Problem to work on: Work through the listing below and give again exactly the lines from the one with "С целью удобства" to the one with "13 研学旅游使用专用合同 新版合同新要求", both ends included. All other lines and all pictures stay out.

Material to process:
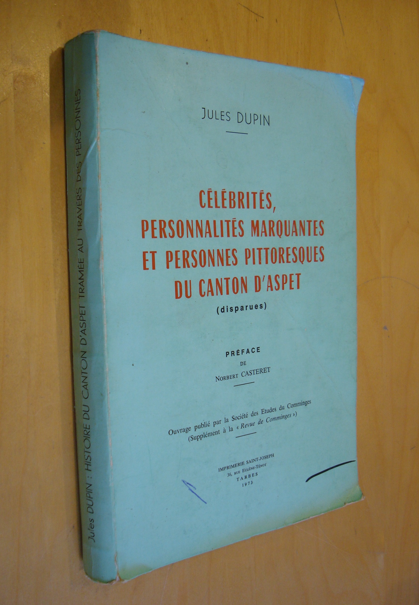 Jules Dupin Célébrités, personnalités marquantes et pittoresques du canton d’Aspet (disparues) Préface de Norbert Casteret 1973
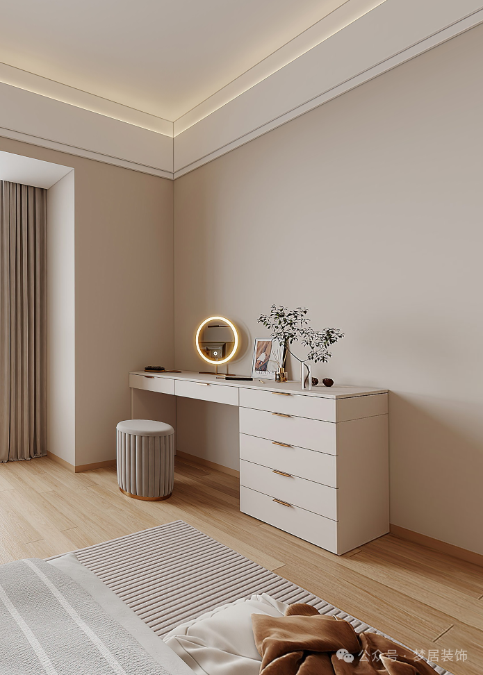 衣柜一側定制斗柜,滿足女主人梳妝需求。雙眼皮吊頂簡約高級,增加設計感。
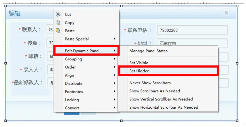 d) 然后我们再点击右键,选择编辑动态面板,将该面板设为隐藏如下图所示
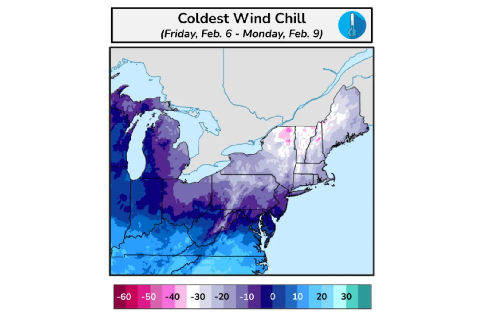 Una mappa previsionale dell’agenzia indica che gli stati che affrontano i venti gelidi più freddi da venerdì a lunedì includono parti di New York, Vermont, New Hampshire e Maine.
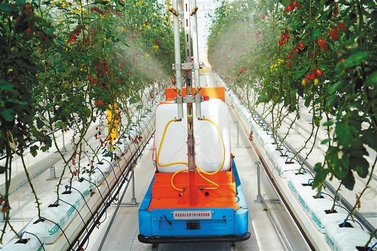 在番茄谷创新协同基地的智能化温室里,智能巡检机器人和喷雾机器人在各自的轨道上有序忙碌着。“只要设置好程序,智能巡检机器人就会自动工作,巡检过程中遇见障碍会自动停车。” 智能化温室技术员訾永福说,智能巡检机器人会将番茄的生长情况以及病虫害情况反馈到电子屏幕上,以便工人及时处理,有效提高了番茄的生产效率和产品质量。
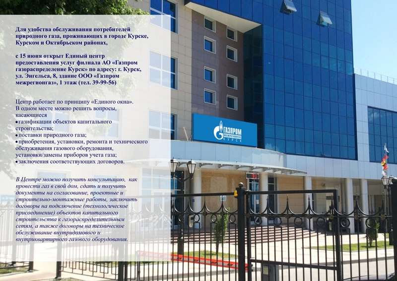 С целью удобства предоставления совместных услуг для населения ООО «Газпром межрегионгаз Курск» и АО «Газпром газораспределение Курск» вновь организован Единый центр предоставления услуг филиала АО «Газпром газораспределение Курск» в г. Курске (тел. 39-9956), который с 15.06.2020 года будет обслуживать г. Курск, Курский и Октябрьский район и размещаться по адресу: г. Курск, ул. Энгельса, 8.
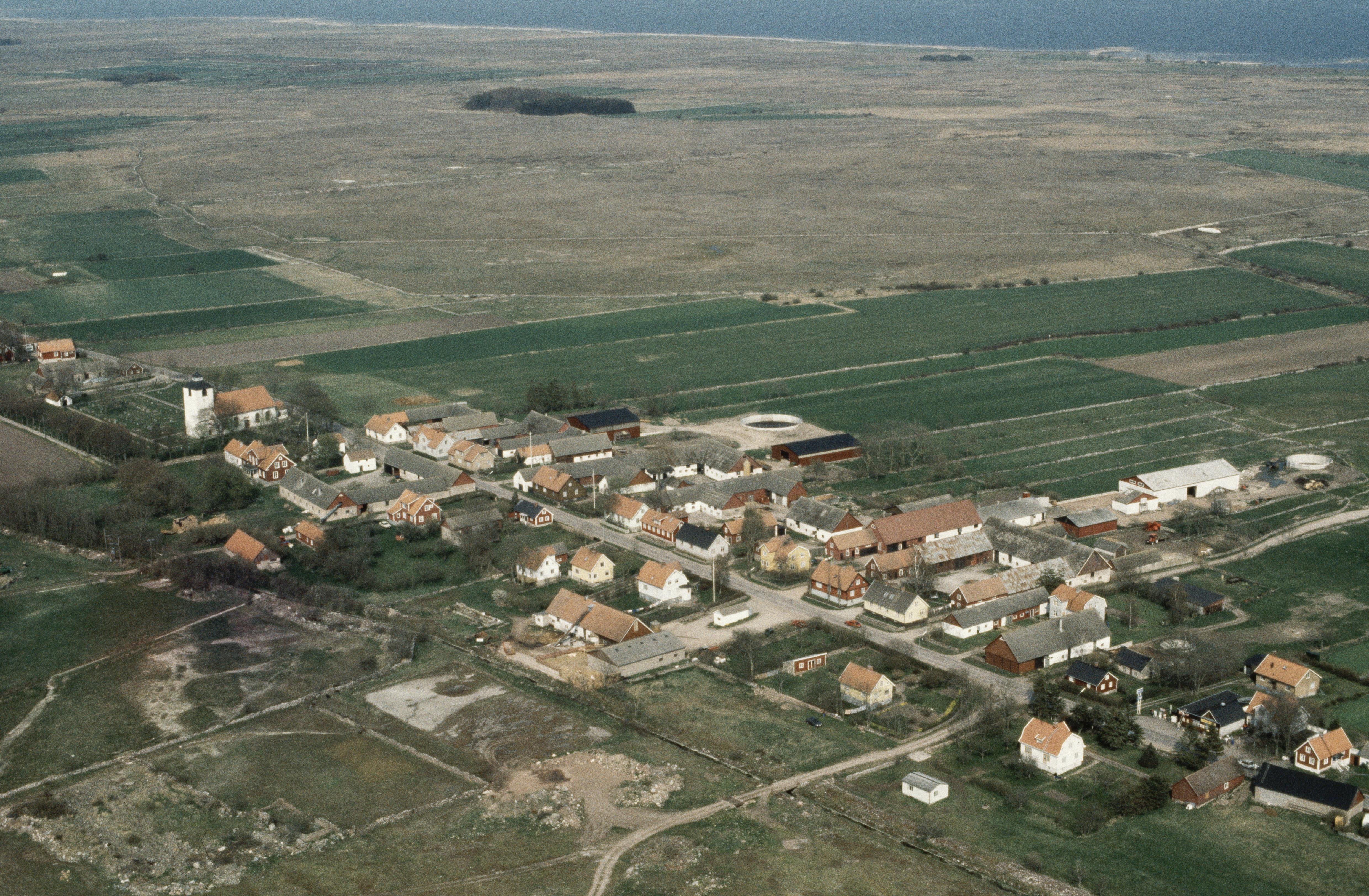 Alvaret. Hulterstads kyrka och kyrkby. Bilden är tagen mot (väderstreck): NO
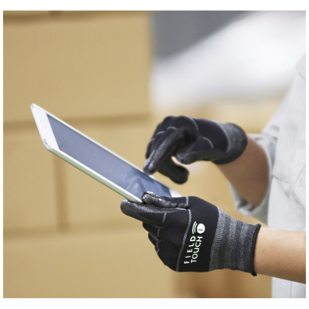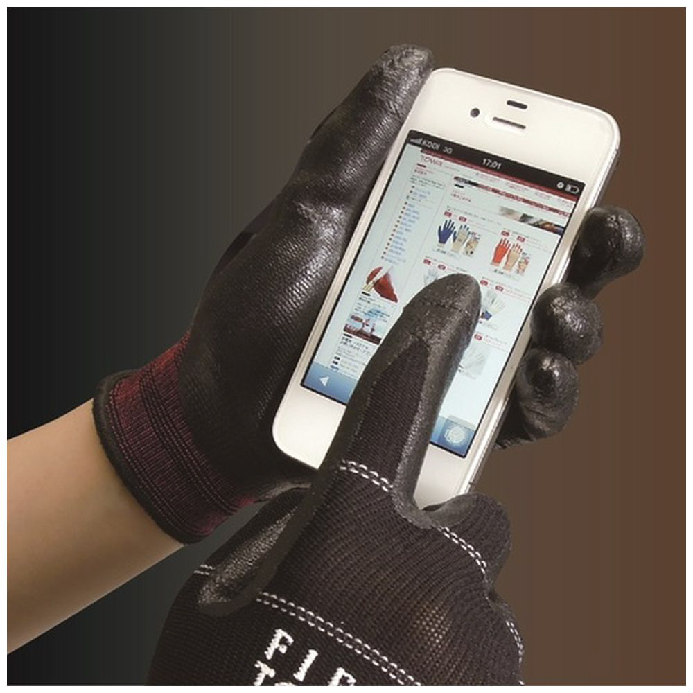タッチパネル対応の作業用手袋で、手袋をはめたままスマートフォンなどが操作可能です。
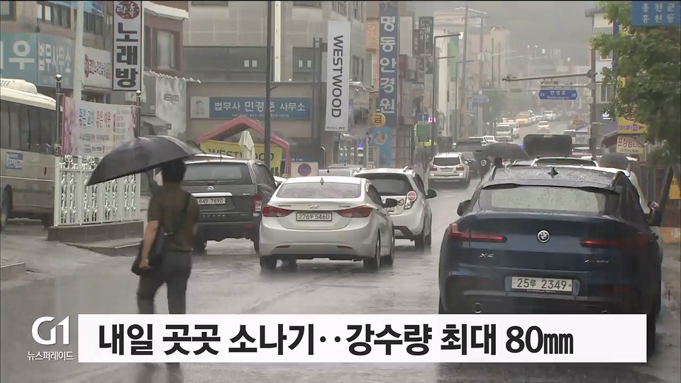 내일 강원자치도는 대체로 흐린 가운데 도내 곳곳에서 소나기가 쏟아지겠습니다.
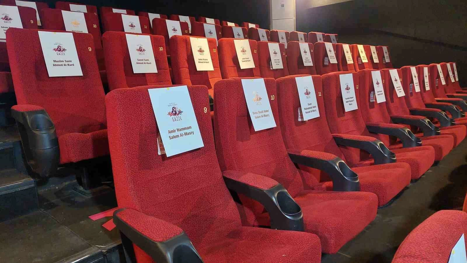 Gazze’de katledilen çocukların isimlerinin koltuklarda yazılı olduğu salondaki gösterime seyirci alınmadı.
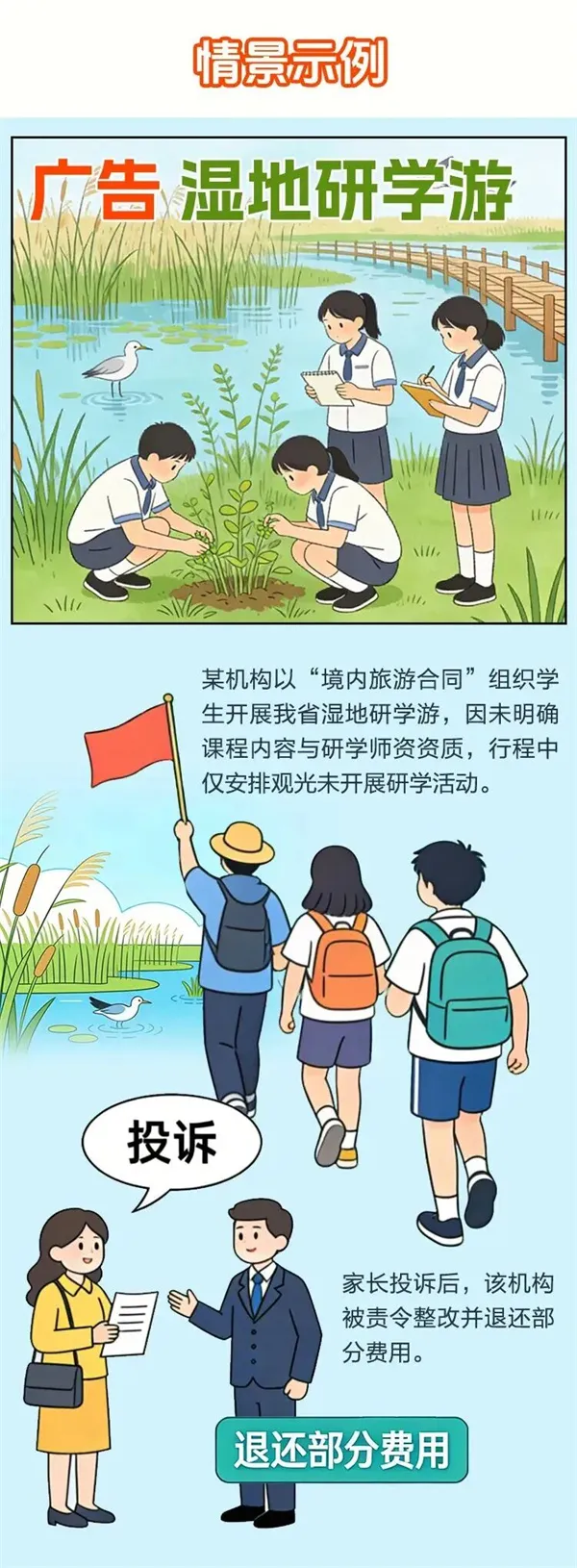 小贴士 游客应拒绝旅行社过度收集信息(如非必要的生物识别信息、财产信息);发现信息泄露的,立即向12345热线投诉,要求删除信息,造成严重精神损害的要求赔偿损失。 13 研学旅游使用专用合同 新版合同新要求 新版合同新增《研学旅游合同(示范文本)》,研学业务应当使用专用合同。需在合同中明确:研学行程安排、研学课程内容、时长、地点、交通安排、住宿安排、用餐安排等;研学服务费用(包括材料用具费用、手册用书费用、师资费用、开发设计费用等)、必要的签证/签注费用(旅游者自办或者不需要办理的除外)、交通费、住宿费、餐费、旅行社统一安排的景区景点门票费、行程中安排的其他项目费用、导游服务费、旅行社(含地接社)的其他服务费用;师资安排(应当安排与研学课程相匹配的师资)。
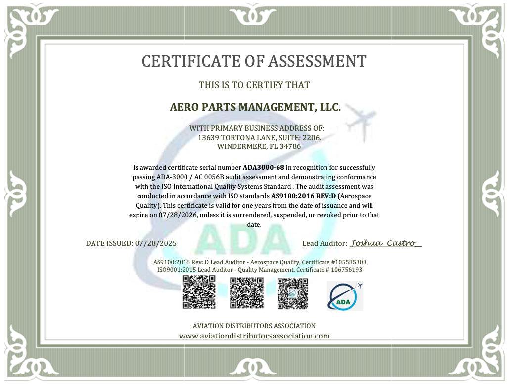 Aero Parts Management’s Quality Program is fully aligned with FAA AC 00-56B quality assurance standards, reinforcing our commitment to regulatory compliance, traceability, and operational excellence across the aerospace supply chain. Quality is not treated as a checkpoint—it is embedded into every workflow, decision, and partner relationship to ensure consistent, audit-ready performance and zero-defect delivery.

Answer for this exercise:
 С целью удобства предоставления совместных услуг для населения ООО «Газпром межрегионгаз Курск» и АО «Газпром газораспределение Курск» вновь организован Единый центр предоставления услуг филиала АО «Газпром газораспределение Курск» в г. Курске (тел. 39-9956), который с 15.06.2020 года будет обслуживать г. Курск, Курский и Октябрьский район и размещаться по адресу: г. Курск, ул. Энгельса, 8.
 Alvaret. Hulterstads kyrka och kyrkby. Bilden är tagen mot (väderstreck): NO
タッチパネル対応の作業用手袋で、手袋をはめたままスマートフォンなどが操作可能です。
 내일 강원자치도는 대체로 흐린 가운데 도내 곳곳에서 소나기가 쏟아지겠습니다.
 Gazze’de katledilen çocukların isimlerinin koltuklarda yazılı olduğu salondaki gösterime seyirci alınmadı.
 小贴士 游客应拒绝旅行社过度收集信息(如非必要的生物识别信息、财产信息);发现信息泄露的,立即向12345热线投诉,要求删除信息,造成严重精神损害的要求赔偿损失。 13 研学旅游使用专用合同 新版合同新要求 新版合同新增《研学旅游合同(示范文本)》,研学业务应当使用专用合同。需在合同中明确:研学行程安排、研学课程内容、时长、地点、交通安排、住宿安排、用餐安排等;研学服务费用(包括材料用具费用、手册用书费用、师资费用、开发设计费用等)、必要的签证/签注费用(旅游者自办或者不需要办理的除外)、交通费、住宿费、餐费、旅行社统一安排的景区景点门票费、行程中安排的其他项目费用、导游服务费、旅行社(含地接社)的其他服务费用;师资安排(应当安排与研学课程相匹配的师资)。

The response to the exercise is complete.